Task details:
The response should consist of every line below, restated exactly, with no pictures.

--- Provided material Enclosed Below ---

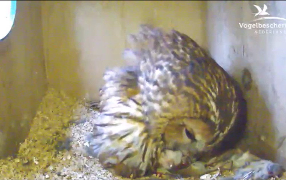 Vannacht heeft het kuiken al een paar keer wat eten gekregen. Nu zit vrouw bosuil goed voor de camera en geeft ze haar jong ‘hapjes muis’.
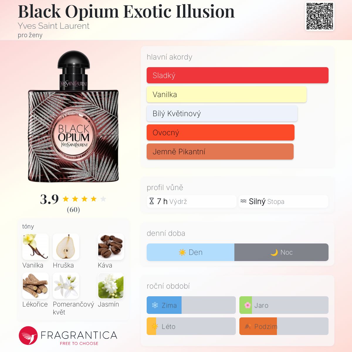 Black Opium Exotic Illusion podle Yves Saint Laurent je Orientální Vanilla vůně pro ženy. Black Opium Exotic Illusion byl/a uveden/a v roce 2019. Black Opium Exotic Illusion byl/a vytvořen/a Nathalie Lorson, Marie Salamagne, Olivier Cresp a Honorine Blanc. Vrchní tóny jsou Hruška, Pomerančový květ a Růžový pepř; střední tóny jsouKáva, Lékořice, Jasmín a Mandle ; základní tóny jsou Vanilka, Cedr, Pačuli a Kašmírové dřevo.
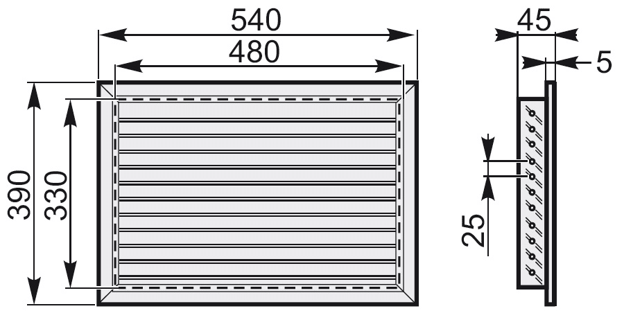 Griglia di ripresa/mandata aria esterna con alette orizzontali fisse, da applicare al plenum 500×350.

--- End of Enclosed Provided material ---

Exercise response:
 Vannacht heeft het kuiken al een paar keer wat eten gekregen. Nu zit vrouw bosuil goed voor de camera en geeft ze haar jong ‘hapjes muis’.
 Black Opium Exotic Illusion podle Yves Saint Laurent je Orientální Vanilla vůně pro ženy. Black Opium Exotic Illusion byl/a uveden/a v roce 2019. Black Opium Exotic Illusion byl/a vytvořen/a Nathalie Lorson, Marie Salamagne, Olivier Cresp a Honorine Blanc. Vrchní tóny jsou Hruška, Pomerančový květ a Růžový pepř; střední tóny jsouKáva, Lékořice, Jasmín a Mandle ; základní tóny jsou Vanilka, Cedr, Pačuli a Kašmírové dřevo.
 Griglia di ripresa/mandata aria esterna con alette orizzontali fisse, da applicare al plenum 500×350.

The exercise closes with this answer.